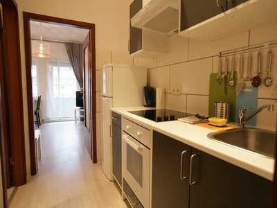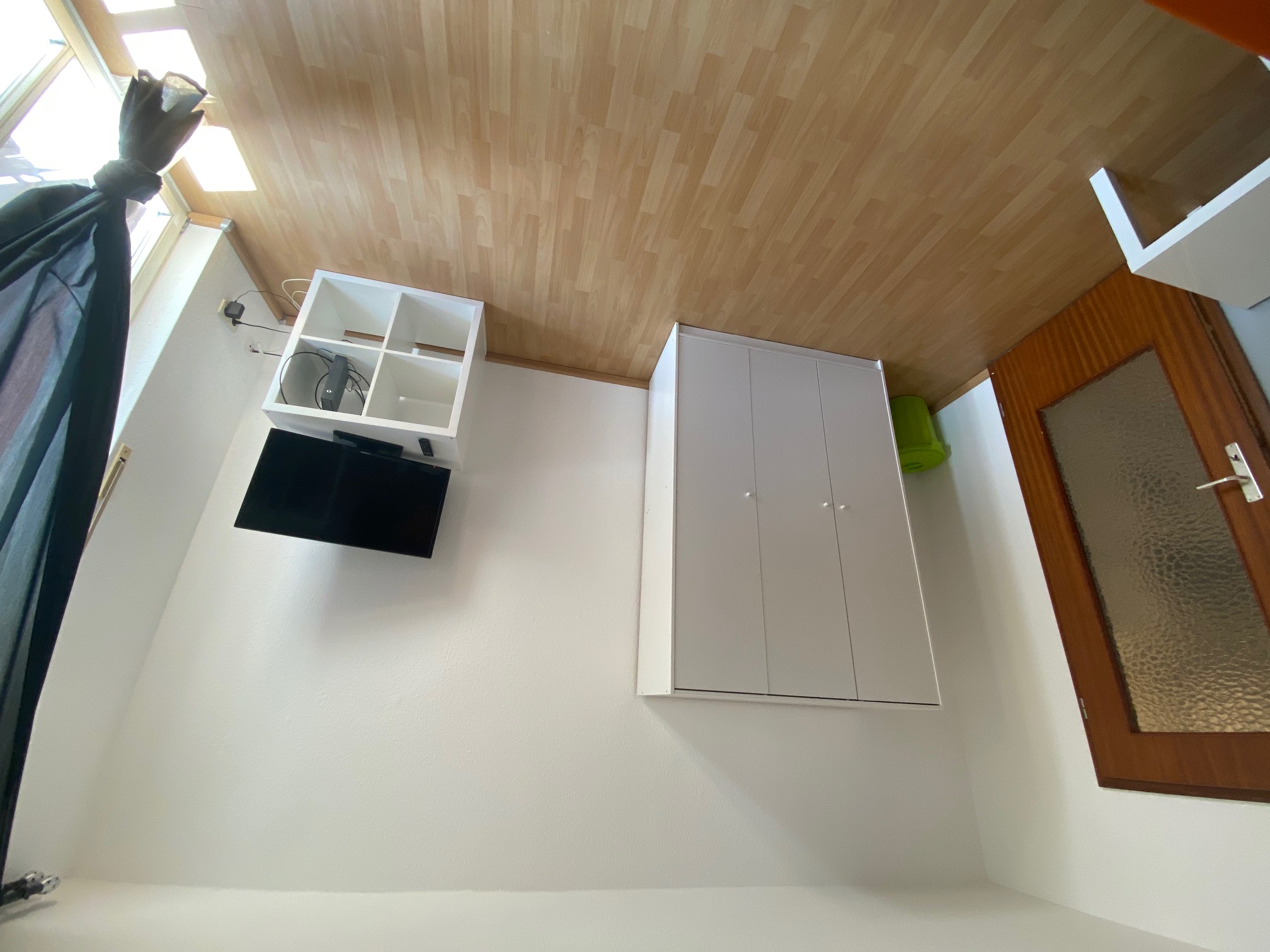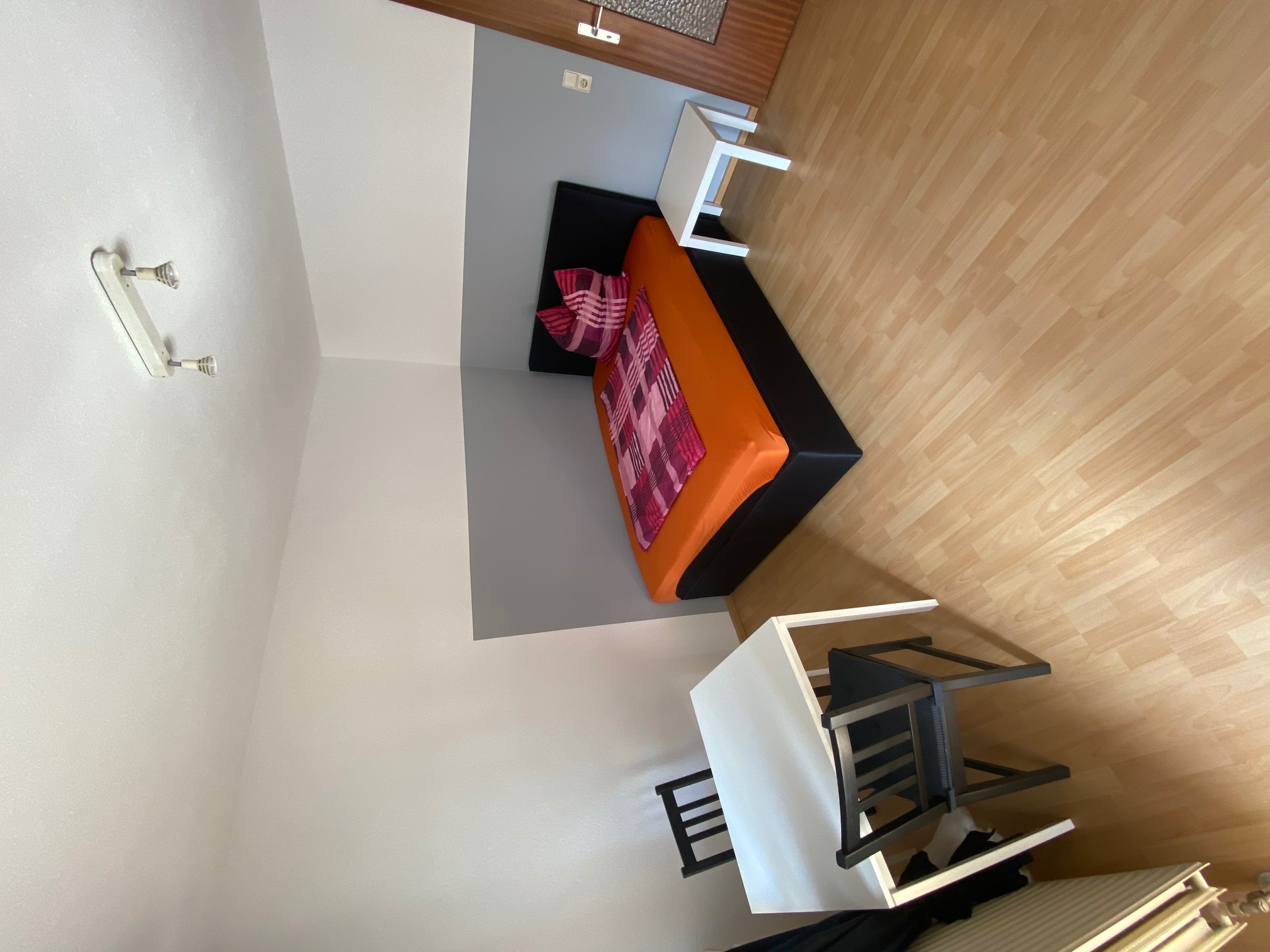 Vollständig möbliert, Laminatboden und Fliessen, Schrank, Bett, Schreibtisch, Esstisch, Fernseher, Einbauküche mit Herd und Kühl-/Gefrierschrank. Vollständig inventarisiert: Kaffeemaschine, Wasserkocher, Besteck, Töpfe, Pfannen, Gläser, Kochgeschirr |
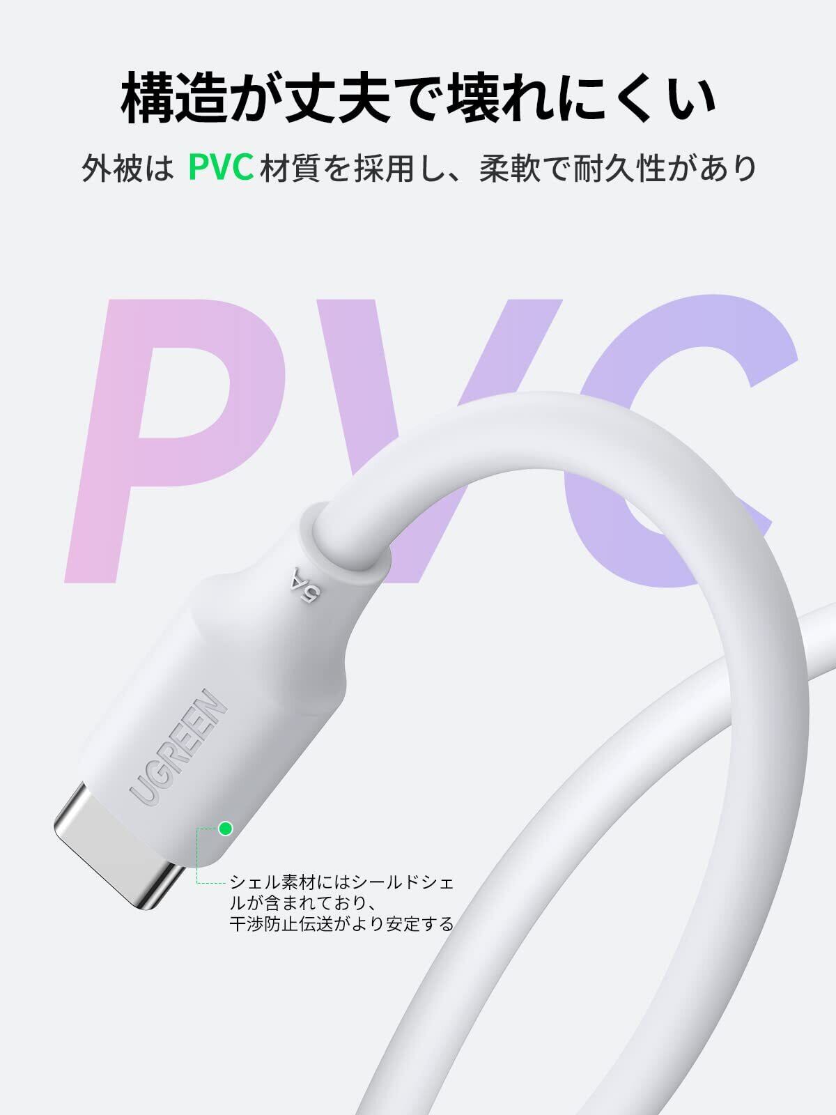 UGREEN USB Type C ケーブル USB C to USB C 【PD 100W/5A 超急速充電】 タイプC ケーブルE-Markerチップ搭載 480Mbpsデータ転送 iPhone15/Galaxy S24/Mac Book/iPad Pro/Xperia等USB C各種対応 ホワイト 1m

# # # #

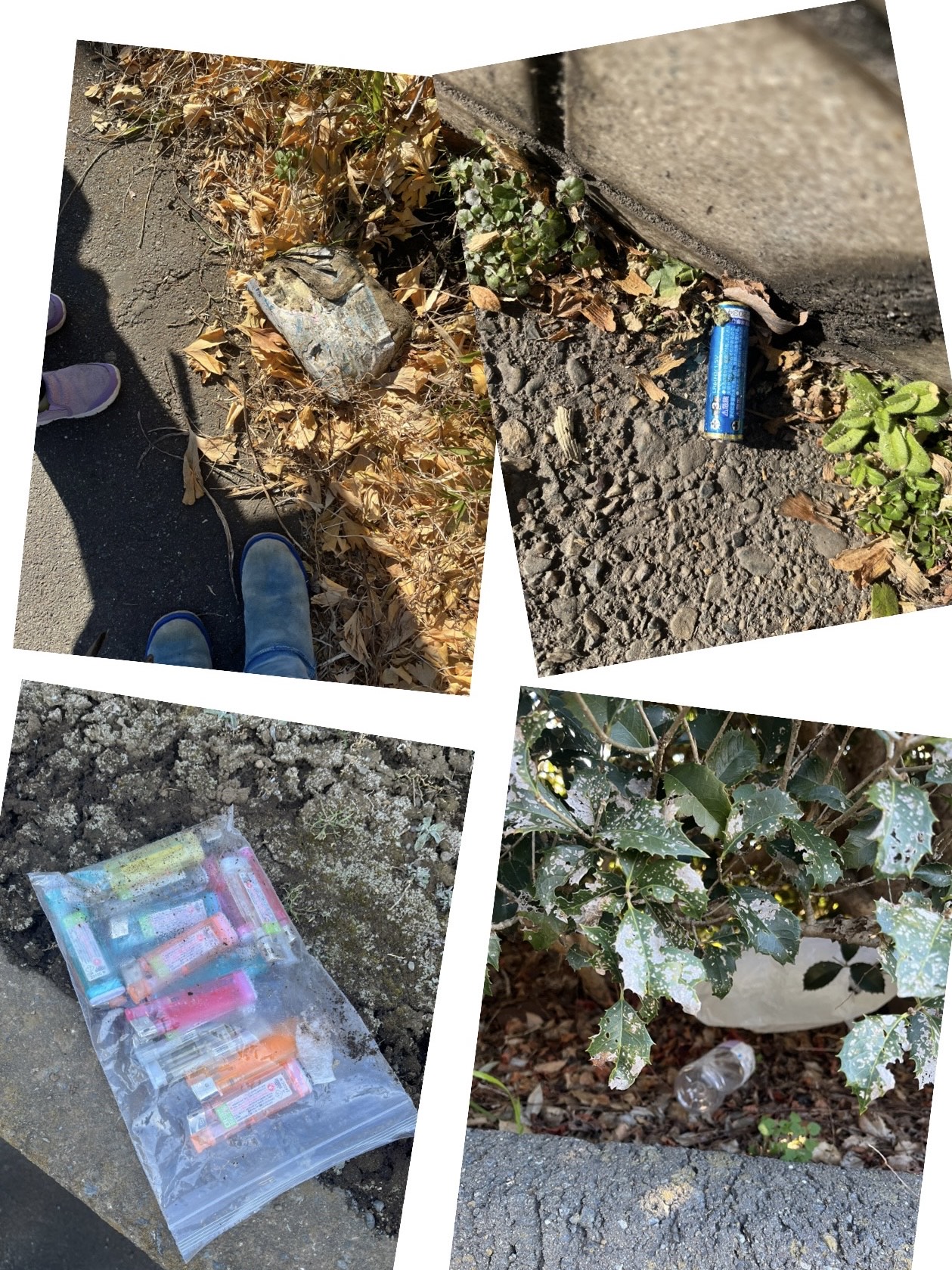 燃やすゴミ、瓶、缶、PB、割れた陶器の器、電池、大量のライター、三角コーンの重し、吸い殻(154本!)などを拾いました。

# # # #

Copy everything above from the line holding "Vollständig möbliert, Laminatboden" down to the line holding "UGREEN USB Type", both ends included, exactly as it stands and without the pictures.

[ANSWER TO THIS EXERCISE]
 Vollständig möbliert, Laminatboden und Fliessen, Schrank, Bett, Schreibtisch, Esstisch, Fernseher, Einbauküche mit Herd und Kühl-/Gefrierschrank. Vollständig inventarisiert: Kaffeemaschine, Wasserkocher, Besteck, Töpfe, Pfannen, Gläser, Kochgeschirr |
 UGREEN USB Type C ケーブル USB C to USB C 【PD 100W/5A 超急速充電】 タイプC ケーブルE-Markerチップ搭載 480Mbpsデータ転送 iPhone15/Galaxy S24/Mac Book/iPad Pro/Xperia等USB C各種対応 ホワイト 1m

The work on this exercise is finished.